Of course I understand the reasons for the differences. Of course I do, even though what I know about those reasons makes me squirm. Why squirm? Well [oh hell, just SAY it!] during those earlier moves I could and did focus on two things: on other people in my life and what the move could mean to them, and on forcing myself to shove down any fear or anxiousness, really ANY emotions that might distract me from the tasks of moving. Shoving down all emotions does contribute to the available energy, it's true. And focusing on others makes shoving down emotions easier.

So - anxiety and fear, and the torpor of the body and mind that these emotions generate, make the work of packing, sorting, arranging, lifting, throwing out, and so forth - the work of preparing to move really feel like work. None of this is logical. None of this truly even is real, and so none of it ought to keep me from getting the work of moving done. And it won't. Yet I know too that the only way - for me - to move along in the work of moving is to bring all of this into the light and open - by writing about it.

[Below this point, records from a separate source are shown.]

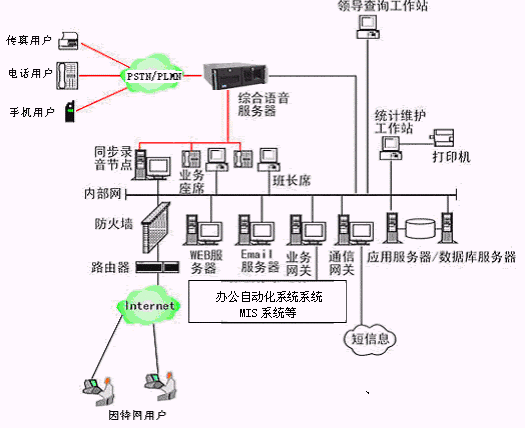 本多媒體客戶服務中心呼叫中心的物理結構由帶語音板卡的工控機或智能型可編程交換機或排隊交換機、CTI服務器、IVR(交互式語音應答)/IFR(交互式傳真應答)服務器、業(yè)務代表座席(邏輯上分為:普通業(yè)務代表座席、專家座席、WEB座席等)、班長座席/質檢座席、統(tǒng)計維護管理工作站、因特網(wǎng)(WEB)服務器、電子郵件(EMAIL)服務器、數(shù)據(jù)庫/應用服務器、錄音留言工作站、領導查詢工作站、業(yè)務網(wǎng)關服務器、網(wǎng)絡系統(tǒng)等和應用軟件構成。
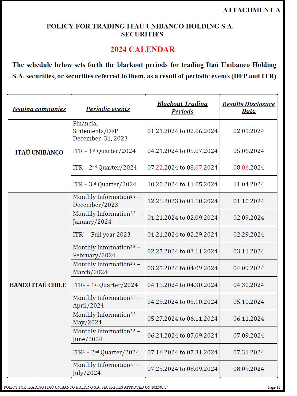 ATTACHMENT A POLICY FOR TRADING ITAÚ UNIBANCO HOLDING S.A. SECURITIES 2024 CALENDAR The schedule below sets forth the blackout periods for trading Itaú Unibanco Holding S.A. securities, or securities referred to them, as a result of periodic events (DFP and ITR) Issuing companies Periodic events Blackout Trading Periods Results Disclosure Date ITAÚ UNIBANCO Financial Statements/DFP December 31, 2023 01.21.2024 to 02.06.2024 02.05.2024 ITR – 1st Quarter/2024 04.21.2024 to 05.07.2024 05.06.2024 ITR – 2nd Quarter/2024 07.22.2024 to 08.07.2024 08.06.2024 ITR – 3rd Quarter/2024 10.20.2024 to 11.05.2024 11.04.2024 BANCO ITAÚ CHILE Monthly Information2,3 – December/2023 12.26.2023 to 01.10.2024 01.10.2024 Monthly Information2,3 – January/2024 01.21.2024 to 02.09.2024 02.09.2024 ITR1 – Full year 2023 01.21.2024 to 02.29.2024 02.29.2024 Monthly Information2,3 – February/2024 02.25.2024 to 03.11.2024 03.11.2024 Monthly Information2,3 – March/2024 03.25.2024 to 04.09.2024 04.09.2024 ITR1 – 1st Quarter/2024 04.15.2024 to 04.30.2024 04.30.2024 Monthly Information2,3 – April/2024 04.25.2024 to 05.10.2024 05.10.2024 Monthly Information2,3 – May/2024 05.27.2024 to 06.11.2024 06.11.2024 Monthly Information2,3 – June/2024 06.24.2024 to 07.09.2024 07.09.2024 ITR1 – 2nd Quarter/2024 07.16.2024 to 07.31.2024 07.31.2024 Monthly Information2,3 – July/2024 07.25.2024 to 08.09.2024 08.09.2024
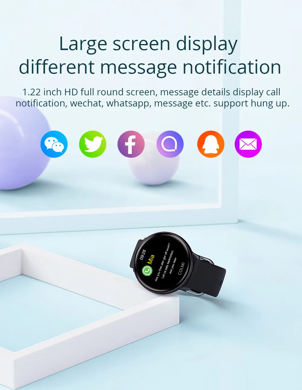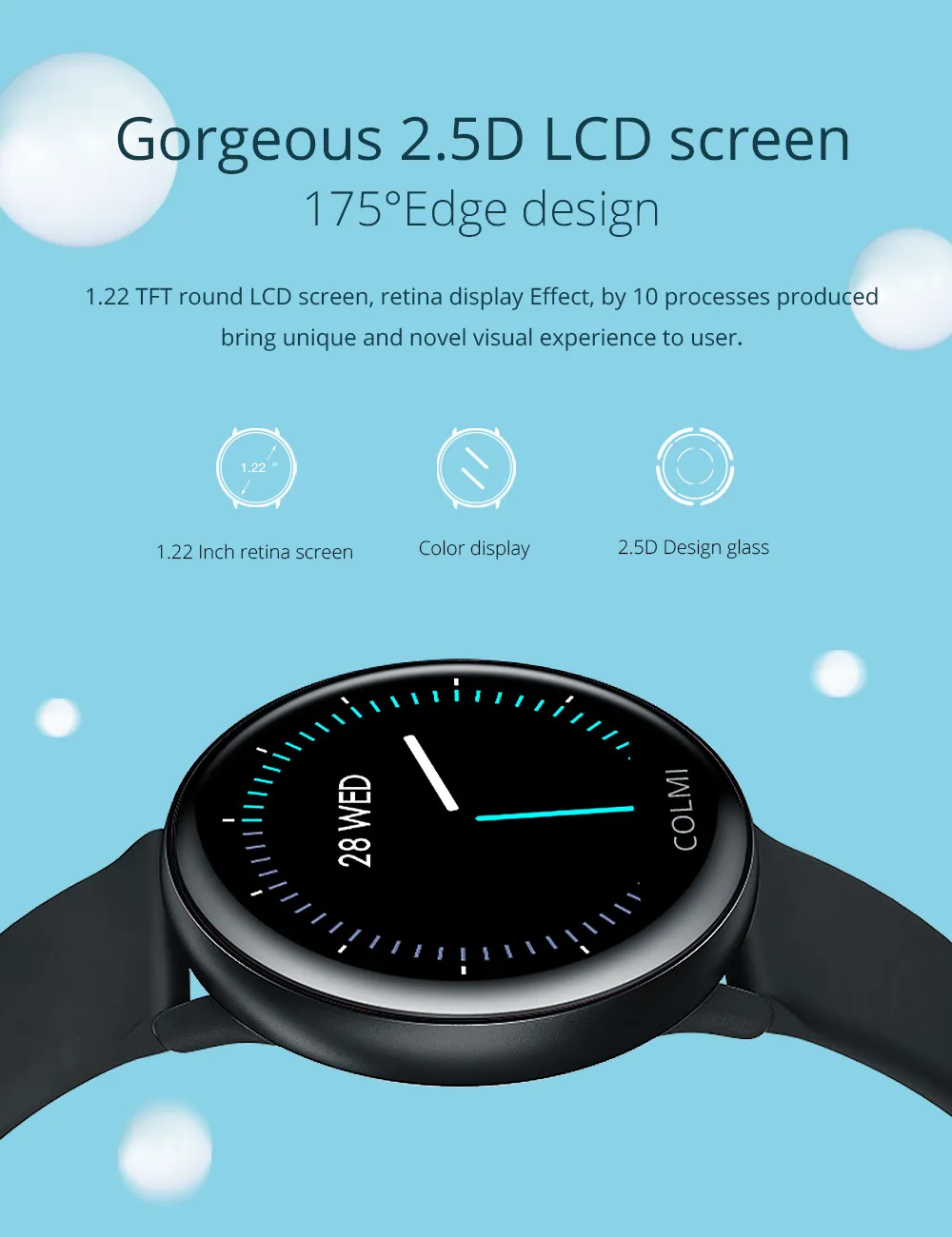 The COLMI SKY2 is equipped with a 1.22-inch color touchscreen display, providing clear visibility of notifications, health metrics, and fitness data. The responsive touch interface ensures easy navigation through various features and settings.

I'm reading Augusten Burroughs' new book, "This is How" - and lovin' it - because he's writing about just these kinds of things. The ways we wear ourselves out, give away our power, and remain running in place (with scissors of course), our feet sticking in the muck of the unreality we accept as real are his topics - disguised within chapter titles like "How Not to Drink" or "How to Drink." What he returns to again and again in his literate and ironic style is how we refuse to see what is real, really, and so cannot see what we need. For Augusten, as for me, the need is to write about what is happening in emotion and behavior. This act of writing - and sharing, that's part of it - helps with the tendency toward torpor, helps transmute it into it's flip side - the combination of taking it slow and steady and honoring the experience by expressing it.
In the same way that Burroughs has always given aid and comfort to the mistreated little guy who lives in him through his writing, I find that my scared little girl stops jumping on my belly when I write. She's content to suck her thumb and smile at the upcoming adventure.